I have well over 1000 superman and batman comics. I buy them monthly also.
I prefer to have the book in hand. Comics are one of those collectable things and good luck collecting digitally. If I cant have the books to collect and resell then I wouldnt pay very much for them. They should go back to $0.10 for the digital version. Its just not the same.
/Nods
I think our way is done, though. The future is this.
Full disclosure: I own a hobby gaming store and following a strong autumn with good revenue from big releases in Magic: the Gathering and other products, we have been assessing the business cases for adding various product categories, including toys, sports cards, console gaming, and yes, comics. (We already have a vintage arcade and do a lot of eBay business.) There are other factors weighing against comics (you are forced to do business with Diamond, the exclusive distributor of Marvel products, and Diamond sucks, as does their game subsidiary Alliance Distribution) but the biggest factor of all is that dead tree media is on its last legs. And that's a shame because the content quality for comics is generally good and they have a significant public following that we'd like to attract as customers, and that as a positive factor is a significant favorable aspect of the category. You don't sell a thing unless you can get a customer to walk in the door.
Right now, we wouldn't dare put any serious money into paper comics. It will probably be possible to field a full store's inventory worth of books in ~2015 for a tiny fraction of the price of that same store stock today. As comics-only shops go belly up, as they consistently do (Arizona's longstanding champion chain Atomic Comics committed tax suicide and closed all its shops in 2011) it may be possible to make big buys for nothing on the dollar. But any more than that, and there's a fair chance you're buying a bunch of mulch/firewood.

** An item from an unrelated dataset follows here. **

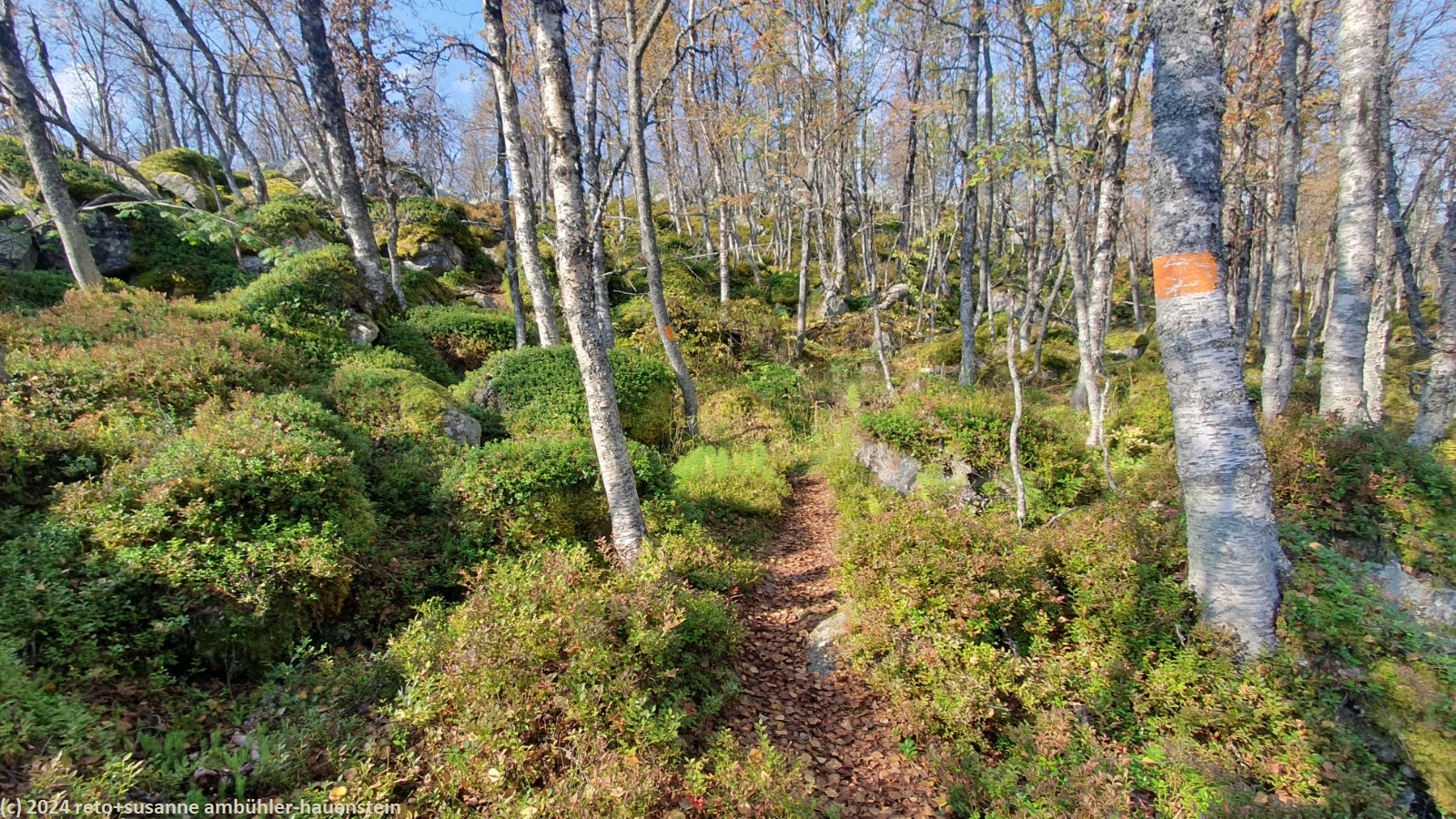 nach 15 minuten brechen wir wieder auf. eine brücke führt über die verbindung zwischen dem hävlingen und dem särsjön. hier füllen wir unsere trinkflaschen auf. der pfad folgt nun ein kurzes stück dem südlichen seeufer. wir haben eine fantastische aussicht über den hävlingen, in welchem sich der herbstliche wald spiegelt. dann dreht der weg langsam richtung süden und entfernt sich damit vom see. solange wir durch den wald wandern, ist der weg äusserst mühsam zu begehen, über der waldgrenze wird es einfacher. der weg steigt weiter kontinuierlich an, wobei die steigung eher abnimmt. gegen 12:30 uhr sind wir auf der höhe der schutzhütte särsjöbäcken. diese liegt knapp 250 meter vom wanderweg entfernt, direkt am winterpfad. querfeldein gehen wir zu hütte und essen auf deren treppe bei strahlendem sonnenschein zu mittag.

The reason for this is simple: They can reprint EVERY issue this way. All the way back to 80-year-old vintage stuff. It can be "remastered" and appear with no paper stains, discoloring, damage, and so on. It can be read an infinite number of times by an infinite number of paying readers without disintegrating a paper issue. Every comic ever made can become a revenue driver all over again, times infinity. It's a treasure trove of IP unheard of in modern media. I wish I had been in a position to buy their IP and back catalog rights before the iPad came out. The future in media is in millions upon millions of microtransactions.
And BTW, the difference between this and something like Comixology, which is a great platform, is that everyone has the iTunes store built into their iOS device and so the IP has much greater reach, and so it actually justifies all the work to make those back-issues available. Also, a lot of folks are squeamish about buying ANYTHING digitally, and have only just gotten comfortable with Apple's digital offerings, and won't likely move beyond that for some time if ever, and that's making a big assumption that they even notice that other platforms exist. The younger buyers will seek out, and spend profligately on, any platform, but wait for them to have a real once-bitten Come-to-Jesus moment as soon as some platform goes belly-up and they lose all "their" paid-for collection on it.
Anyway that's how I assess the comics landscape right now and in the wake of this news, I would say that the old way of reading comic "books" is a clock reading 11:57 p.m.. Take my industry expertise (or don't) for what you will.